Business Today's Suman Layak spoke to Zensar Technologies Vice Chairman & CEO Ganesh Natarajan on his expectations from P Chidambaram's Budget on February 28. Excerpts -
Q. Given the current challenges, what, in your opinion, would make for a good budget? What measures or proposals would you like to see?
A. Considering the backdrop of the economic slowdown, falling exports, slowdown in investments and reduction in job creation, the current year's budget should have measures that prop up business sentiment, boost exports and increase capital spending.
FULL COVERAGE:Union Budget 2013-14
Specific measures would be to provide fiscal incentives for exports by way of exemption in income-tax /increase in duty drawback benefits, a simplified service-tax refund mechanism for exporters, and an additional depreciation/investment allowance for capital spending. It is all the more important that current tax rates are maintained and there are no increases in direct and indirect tax rates and no retrospective surprises.
Q. Given the constraints the government faces in raising revenue, do you see a case to increase income tax rates on the rich?
A. Over the last 20 years, India has moved forward from a regime of absurdly high income-tax rates (as high as 90%) to a moderate tax regime. This has significantly increased compliance and improved tax collections. We should not go backwards in simplifying and rationalising our tax structures.
The current tax rates and slabs should be continued. Already, the major chunk of income taxes are paid by people in the high-income bracket, and it is imperative that this source is protected and not disturbed by increasing the rates. The current tax base in India is still very low, which should be broadened. This will help in increasing revenue rather than increasing the rates.
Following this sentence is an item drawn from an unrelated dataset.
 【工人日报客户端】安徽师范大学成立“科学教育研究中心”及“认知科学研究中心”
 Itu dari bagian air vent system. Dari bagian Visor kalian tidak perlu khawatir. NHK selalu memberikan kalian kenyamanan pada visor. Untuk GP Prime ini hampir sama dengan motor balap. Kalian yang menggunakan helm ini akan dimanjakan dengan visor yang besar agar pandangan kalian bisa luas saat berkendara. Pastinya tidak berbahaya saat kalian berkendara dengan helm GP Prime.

Q. Please identify the cut-off in income beyond which you would classify the person as rich.
A. If, for symbolic, populist and political reasons the government has to increase rates on the rich, the cut-off income level should be more than Rs 1 crore.
Q. If the budget does not meet expectations, do you fear that business sentiment would once again dip?
A. The economy is still on the brink of a recession and business sentiments are low. Only in the last two or three months, proactive actions taken by the government through policy changes and decisions are showing signs of improving business sentiment. The government must not take any step in the budget that would hamper sentiment and nail down the recovery.
Q. Specific to your sector, what could the current budget do to improve conditions?
A. Information technology (IT) is the sector, which, apart from being one of the highest contributors to foreign exchange earnings, has brought India into the limelight in the world economy. The government presently faces falling exports, increasing imports, current account and fiscal account deficits, which seem to be getting out of hand. IT is one of the sectors that has high potential in increasing exports. The government should consider providing income-tax exemption to IT units that are in STPI (Software Technology Parks Of India - 10A exemption), do away with MAT (minimum alternate tax) for SEZ (special economic zone) units, and up-front service tax exemption for IT exports.
Q. Which budget, in the recent past, do you remember as having been a good one?
A. In the recent past, the budget presented in 2009 was a good one.